Homemade vinegar

Anyone who knows me, knows that I hate throwing things out- particularly food. We’ve put work into it, why should we throw it out without putting up a fight?

One of the products we make to sell at Market and at the farm is apple cider- straight up apples, no additives and it’s made fresh every week. It takes quite a bit of work- you need to grade apples, wash them, grind them, press them, bottle the juice and then, with a bit of luck, sell it. The list does not include the growing of the apples, which we also take care of- but is a completely different post. It is kind of a crap shoot to figure out how much to make: we are usually pretty good at guesstimating, but we can be totally off base and come home with cases of it, or be sold out by 10AM.

After all of that work, why would you want to let the pigs guzzle it? We can use some of it for apple cider slushies (delish!) or in the kitchen cooking, but “cases” mean alot of cider. At the place I used to work at we made vinegar with leftover wine (it was a winery)- why not with apple cider. It’s supposed to be great for you anyway, right?
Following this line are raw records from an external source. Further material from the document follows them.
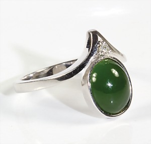 Ring aus den 1970er Jahren "VINTAGE", WG 585/000, Jadecabochon, 1 Diamant ca. 0,03 ct weiß, RW ca. 56,5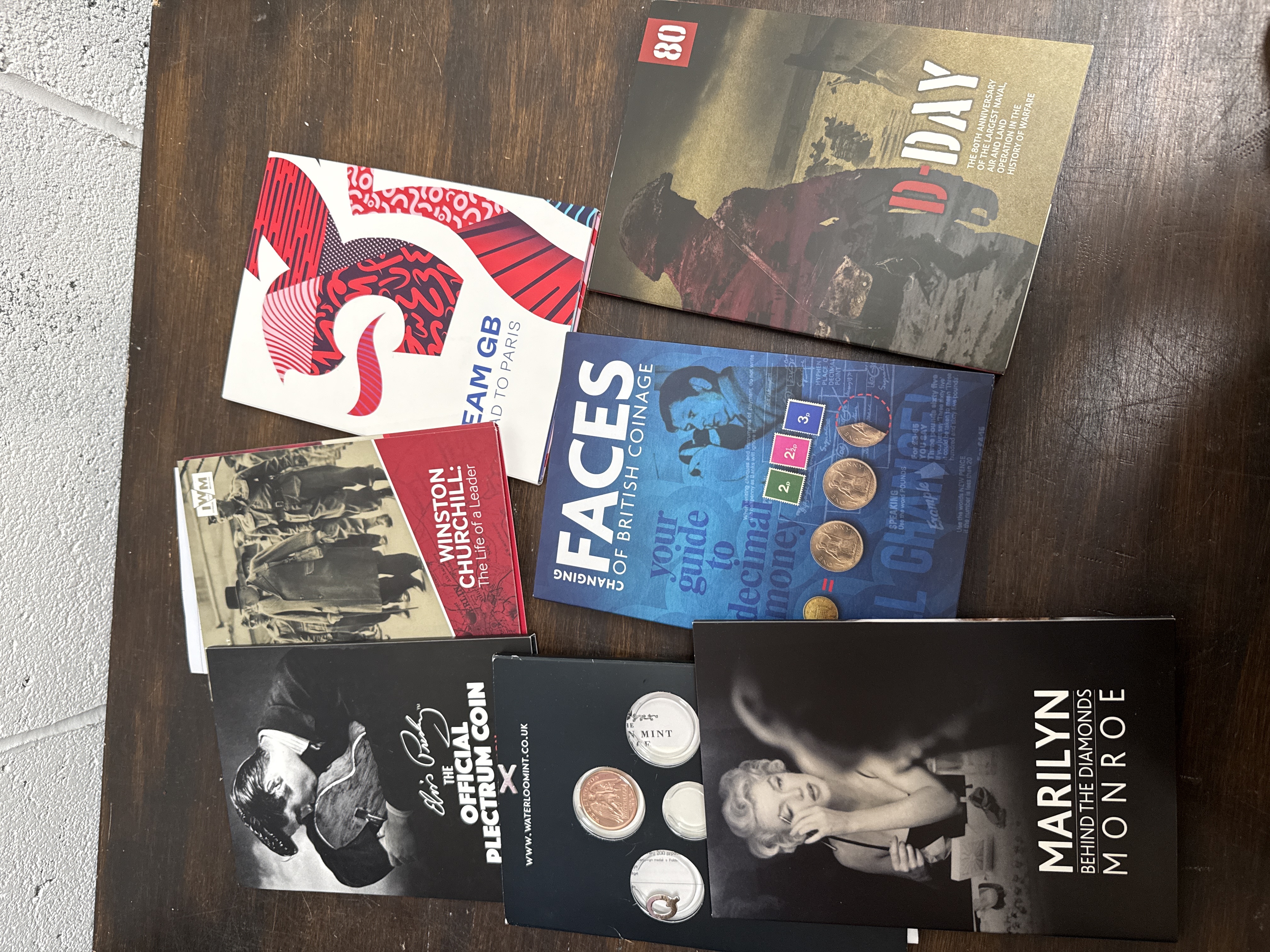 A collection of seven contemporary commemorative booklets and numismatic-related ephemera featuring various historical, cultural, and sporting themes. The group includes printed paper and card materials such as a Team GB Road to Paris booklet, an 80th-anniversary D-Day publication, and an Imperial War Museum booklet titled Winston Churchill: The Life of a Leader. Also present is a numismatic guide titled Changing Faces of British Coinage: your guide to decimal money. Promotional and presentation items include an Elvis Presley Official Plectrum Coin booklet, a Marilyn Monroe: Behind the Diamonds commemorative piece, and a presentation card from The London Mint. Each of the seven items in this lot is confirmed to contain 1 coin or commemorative medal, housed within the respective packaging or presentation inserts. The items feature high-quality printed graphics on cardstock and paper.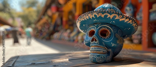 Colorful blue ceramic skull wearing a hat, displayed in an outdoor market with vibrant stalls and a blurred background.
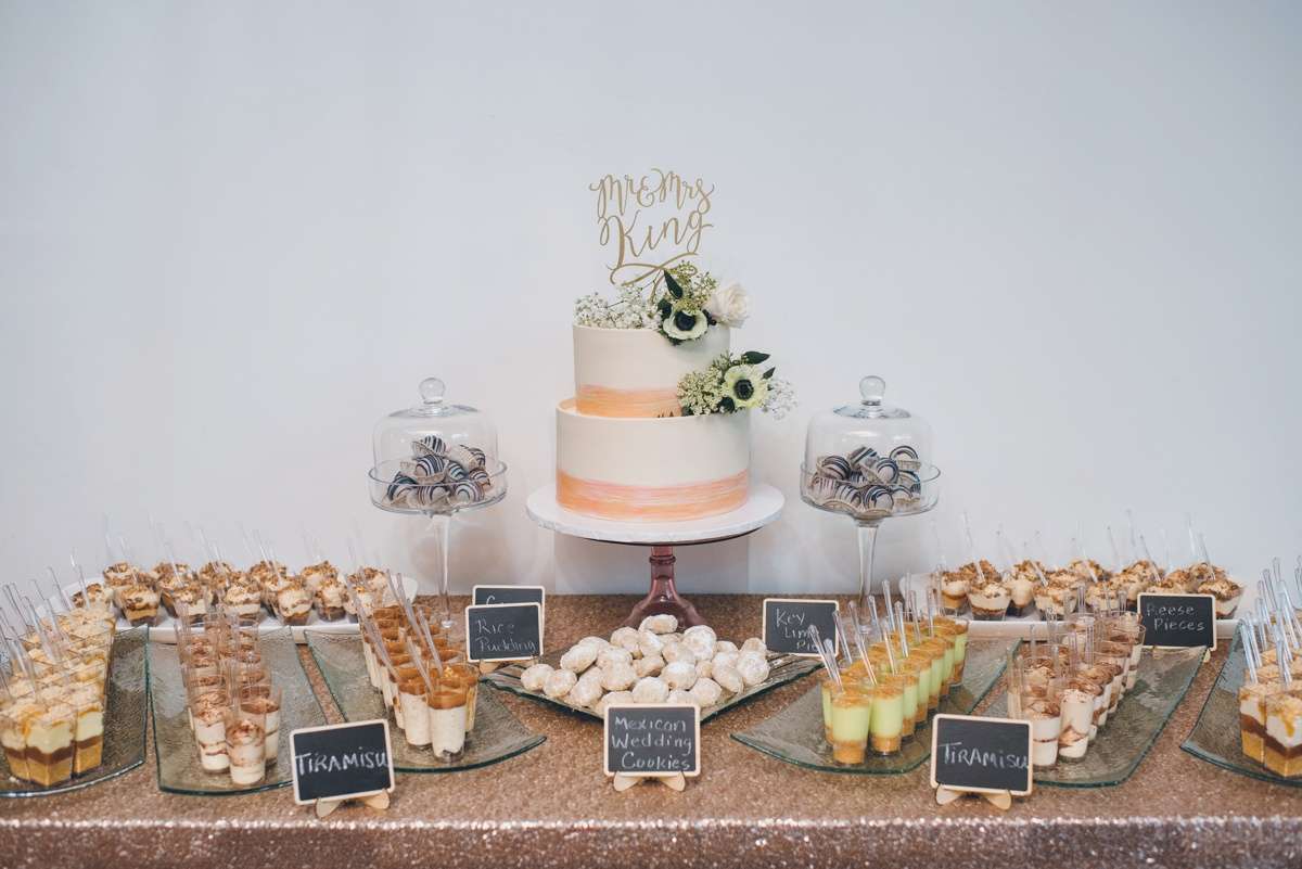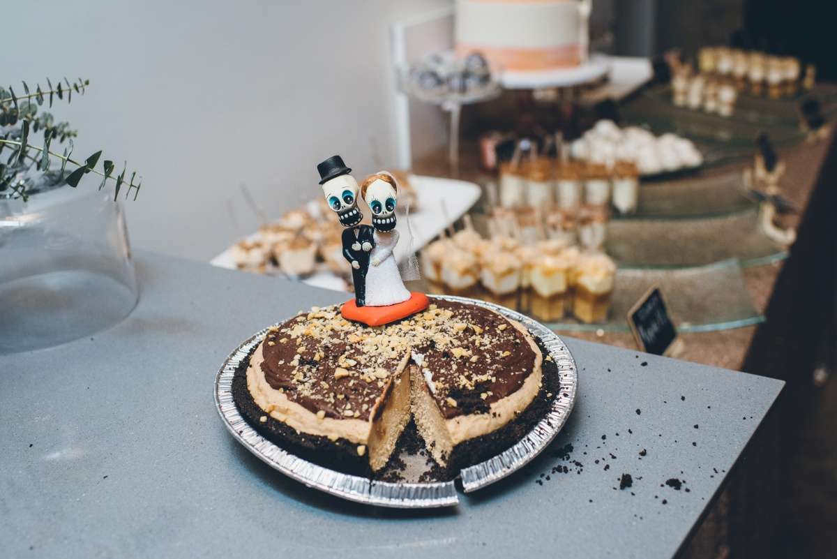 “Food was also huge for us. We wanted as many tacos and as much cheese as we could at our reception. We did open plan seating and had food out for hours so people could eat when they wanted and not feel like there was an itinerary to follow. We didn’t do garter tosses or dances, with the exception of our first dance. We wanted the night to be super relaxed.” And because food and booze was so important to Brandi and David, it was therefore their biggest expense. “We love to eat and cocktail. We basically blew our food budget and threw it out the window!” Getting the catering sorted was problematic at first. “We had multiple restaurants fall through on food for us, which was killing us because we didn’t realise that asking for tacos for 130 people was that much! But our venue owner owns a restaurant called Knife & Tine as well, and her assistant did a custom menu for us, which totally took the stress away.” Their cake was by Central Continental Bakery, with more sweets on the dessert table by the bride’s mum Theresa and stepmum Christine, finished off with a pie by First Slice Pie.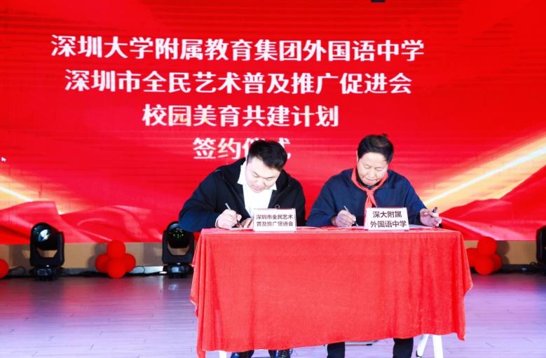 深圳大学附属教育集团外国语中学校长在致辞中表示,此次签约是学校美育改革的重要里程碑,将借助专业社会力量推动美育全面融入教育教学各环节,让美育浸润校园文化、滋养学生心灵,助力青少年成长为德智体美劳全面发展的时代新人。深圳市全民艺术普及推广促进会负责人回应,将整合优质艺术资源,搭建校园与社会文化场馆的沟通桥梁,共同探索可复制、可推广的校园美育模式,为青少年艺术素养提升与文化自信培育赋能增效。

As it turns out, it was a good idea- it tastes great, and people are happy to get a local vinegar, which is not that common around here.
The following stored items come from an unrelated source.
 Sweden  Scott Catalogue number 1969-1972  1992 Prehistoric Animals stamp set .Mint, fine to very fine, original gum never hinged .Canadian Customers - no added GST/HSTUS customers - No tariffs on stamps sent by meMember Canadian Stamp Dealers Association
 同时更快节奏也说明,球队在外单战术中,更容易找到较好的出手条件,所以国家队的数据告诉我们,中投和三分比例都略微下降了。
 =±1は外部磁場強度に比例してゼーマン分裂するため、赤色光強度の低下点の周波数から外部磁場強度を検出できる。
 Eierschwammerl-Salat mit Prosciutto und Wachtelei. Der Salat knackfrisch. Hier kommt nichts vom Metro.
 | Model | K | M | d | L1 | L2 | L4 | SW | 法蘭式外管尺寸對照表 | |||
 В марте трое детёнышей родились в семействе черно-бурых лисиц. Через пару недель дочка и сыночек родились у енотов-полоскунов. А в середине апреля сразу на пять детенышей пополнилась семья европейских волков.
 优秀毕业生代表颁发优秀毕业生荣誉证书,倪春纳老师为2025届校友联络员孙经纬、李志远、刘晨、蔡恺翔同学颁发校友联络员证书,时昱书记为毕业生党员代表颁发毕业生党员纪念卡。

The only downside is that you need to have a fair bit of patience- ours seem to reach its proper maturity after about a year. The only way we found to know that it was ready was to taste it, and just a heads up- it’s a bit of a mind benderto will yourself to taste it for the first time. You open it up and it smells like vinegar, but it’s got a giant blob floating on top that looks like a snot pancake and little bits of web- aka the mother- swimming around like a jellyfish in the ocean and, more then likely, a fruitfly or two (or fifteen).

Apple cider and wine seem to be the easiest that I’ve tried so far, blueberry juice was kind of a flop- but I lost patience with it….  Aside from that, a little mother is helpful to move your vinegar along. You don’t need to have it, but there is a better chance of your vinegar just rotting if you don’t have it, instead of rotting in a controlled way if you do. The mother is a culture that will influence the rest of your liquid to turn into vinegar. There are vinegars on the market today are sold with mother in the vinegar, it’ll say it on the label.

So. You have the liquid of choice and the mother. These should be poured into a clean and, preferably, sanitized container. You will need enough cheesecloth to cover your container and butcher’s twine to tie it tight. The most important thing to remember when making vinegar is that it needs oxygen for the first few months. It should be stirred every few days to have more contact with oxygen, after about 2 months you can take off the cheesecloth and replace it with a loose fitting lid- not completely air tight… Forget about it for a while, check and stir it, then forget…. do this for about a year. There will be the floaty goop pancake on top, remove that- and then taste it. If it tastes really really really harsh, it’s not ready. Lid it (without the goop) and leave it for another month or two. Repeat until you are down to smooth and acidic- it is vinegar after all. Strain through cheesecloth and bottle into clean airtight bottles.

You can save some of the mother for another batch- store it in the vinegar, and remember that a little will go a long way- we started with a 250ml mother and vinegar combo and it’s vinegaring 200L.